陈星用尽最后残存的、作为“陈星”这个个体的“自我意识”,向着那个“奇点”,向着那个代表“离开”可能性的、冰冷的数学“接口”,发出了最后、也是最决绝的“投射”!
不是移动,是“重设坐标”。
下一刻——
存在感被撕裂、拉伸、粉碎,又在某种无法理解的力量下强行重组。
冰冷。坚硬。粗糙。
陈星重重地摔落在某个平面上,巨大的冲击力让他残破的身体再次发出不堪重负的呻吟,几处之前固定的伤口崩裂,温热的液体浸透了内衬。他无法控制地剧烈咳嗽起来,口中充满了铁锈般的血腥味。
但他还活着。他“穿过”来了。
他挣扎着,用几乎不听使唤的手臂,撑起上半身。视线模糊,耳鸣尖锐。他用力眨着眼,试图看清周围。
首先感受到的,是重力。微弱,但确实存在,大约只有地球的十分之一。然后是空气。稀薄,冰冷,带着一股极其陈腐的、类似金属氧化和尘埃混合的味道,但…可以呼吸?至少他的生命维持系统没有立刻报警。
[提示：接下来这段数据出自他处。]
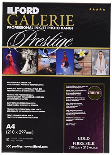 Ilford Galerie Prestige Gold Fibre Silk - Carta fotografica per stampanti a getto d'inchiostro, formato A4, 25 fogli, 310 g/mq
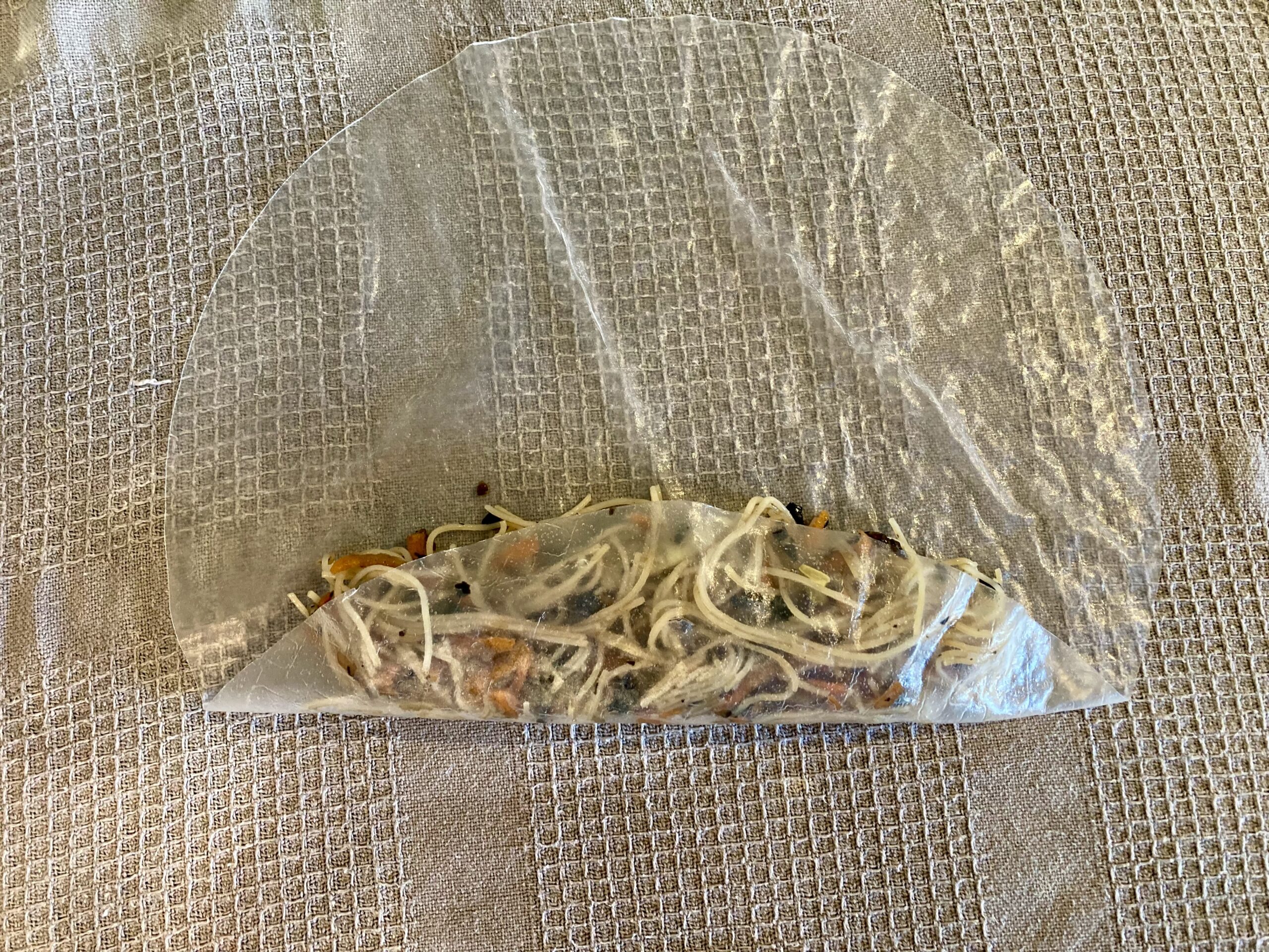 - Placez-la sur le torchon humide (côté lisse sur le torchon et coté rugueux vers vous). La galette de riz va finir de ramollir en 20 à 30 secondes.

他所在的地方,似乎是一个巨大圆形平台的边缘。平台同样由那种暗灰色材质构成,表面光滑如镜,倒映着穹顶流动的幽光。平台之外,是深不见底的黑暗,只有极远处,偶尔有类似的暗蓝色光带或光点,如同鬼火般在黑暗中明灭,勾勒出一些庞大到难以想象、造型奇异诡谲的机械或建筑结构的模糊轮廓。
这里不是他熟知的宇宙的任何地方。没有星空,没有熟悉的辐射背景。这里的物理常数…他仅凭最模糊的直觉,都能感觉到微妙的差异。重力常数似乎略低,电磁相互作用的强度有些许异常,甚至时空的“质感”都与他所知的不同,更加…“致密”?还是“粘稠”?
他成功了。以万分之零点三的概率,从必死的深空伏击中,通过一个理论上不可能存在的、自我引导制造的微型虫洞,逃出生天。
但这里,是哪里?
陈星靠在冰冷的平台边缘,虚弱地喘息着,警惕而茫然地打量着这个将他吞噬的、巨大而诡异的黑暗空间。微型虫洞将他从绝境中抛出,却又投入了一个更深、更未知的谜团。
通讯频道里,只有一片死寂的噪音。与“间隙”的联系,似乎彻底中断了。
他,再次变成了孤独一人。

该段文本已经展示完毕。